Key Responsibilities:

• For this role, you will handle, raise and hose the clinical review escalation procedure in response to any recognised crucial/serious incidents linked to clinical operations.
• Accountable for the QMS system, guaranteeing that its fully deployed, kept up to date and upheld in a state of compliance.
• Serve as a QA lead on all clinical quality matters connecting possible to regulatory proposals, clinical protocols, and the performance and documentation of clinical trials.
• Partake in the selection of and current auditing of crucial providers, vendors, CROs and CMOs.
• You will offer CQA oversight and follow up on third party supplier and vendors such as CRO's. CMO's, etc. performance.
• Guarantee that there is a system in place to assist and/or implementation of audits such as site, vendor, process, systems, regulatory proposals, clinical trial papers, etc.
• Cooperate and assist in pre-clinical and clinical senior management and personnel to ensure compliant conduct of clinical studies.
• Any other assigned duties.
• Requirements:
• Educated to a degree level in a science discipline.
• At least 10 years of experience operating at a senior management level within a pharmaceutical/biopharmaceutical quality assurance commercial and GCP function ideally with sterile products.

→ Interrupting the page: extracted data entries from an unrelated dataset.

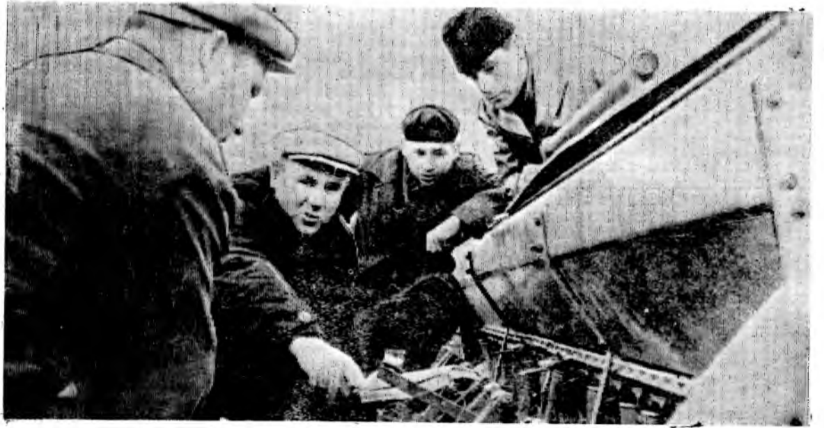
В овощеводческом совхозе «Волгодонской» созданы курсы трактористов. 18 курсантов будут четыре месяца изучать устройство и эксплуатацию тракторов и сельхозмашин.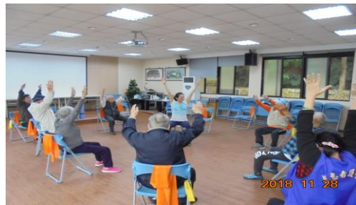
彼拉提斯團體運動課程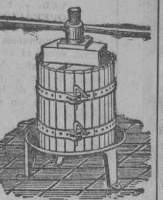
Prensas para uva y manzana desde 70 Ptas. Estrujadoras para uva. Mochecedoras para manzana.

PROFESORA TAQUIMECANOGRAFIA. Ortografía y Gramática. Enseñanza casa y domiciliariamente. Precios reducidos. Plaza Vieja, 6, primero. Teléfono, 32-66.

• Know-how, comprehension and implementation of GCP and GMP guidelines with familiarity with outlining and harmonising QMS incorporated with demonstrated ability of successfully executing these.
• Interpersonal abilities.
• Past involvement in hosting and following up on business audits, client audits and regulatory inspections.

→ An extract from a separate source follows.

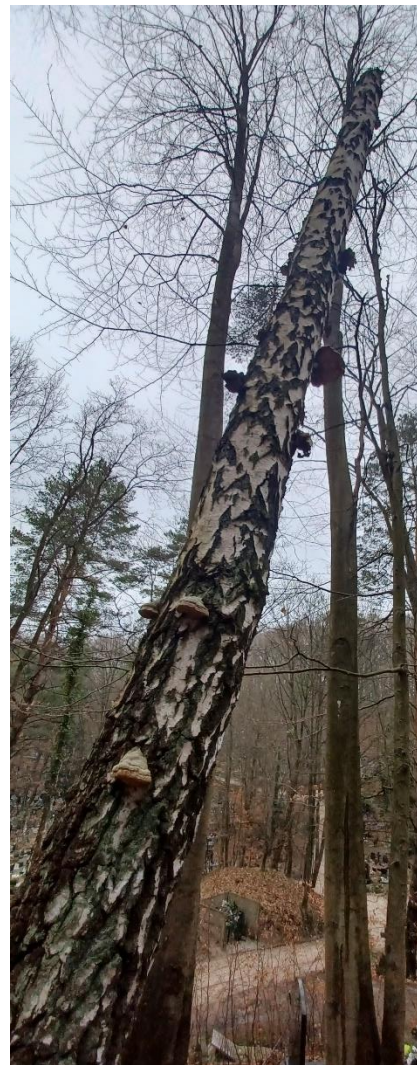
Fot. nr 4. Drzewo nr 2 – owocniki hubiaka pospolitego

• Know-how and comprehension of pharmaceutical QA and GCP expertise in a clinical trials and operations setting.
• Knowledge of executing QMS which are simple, solid and in compliance with suitable GxP guidelines and regulations.

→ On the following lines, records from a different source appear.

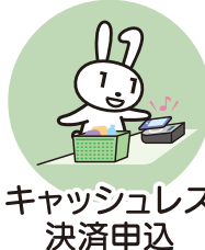
キャッシュレス 決済申込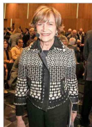
Evelyn Matthei, alcaldesa de Providencia.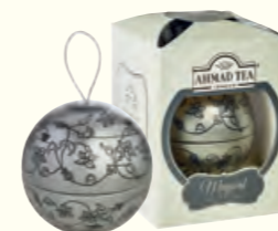
1757(EG) 30g Magical Tea Baubles (Silver) Earl Grey 伯爵红茶(调味茶)(银色球罐)

• Know-how and acquaintance with auditing needs such as lead auditor GCP.
• Conscious of preclinical quality standards and good practices for research.
• Experience working with or within CRO establishments.
• Capable of comprehending multifaceted and current crucial discoveries.
• A practical approach and familiarity with forming a "quality outlook" for team members who have not worked within a GxP setting.

Apply now:

If you are interested in learning more or applying to this exciting opportunity then please click "Apply" and upload a copy of your CV. Alternatively, for further details or to talk directly to a life sciences recruitment specialist directly, please select "Contact me" at the top of this page.

Hobson Prior is a leading life sciences recruiter focused on finding exceptional people and matching them with the finest positions across the globe. Hobson Prior is acting as an Employment Agency in relation to this vacancy.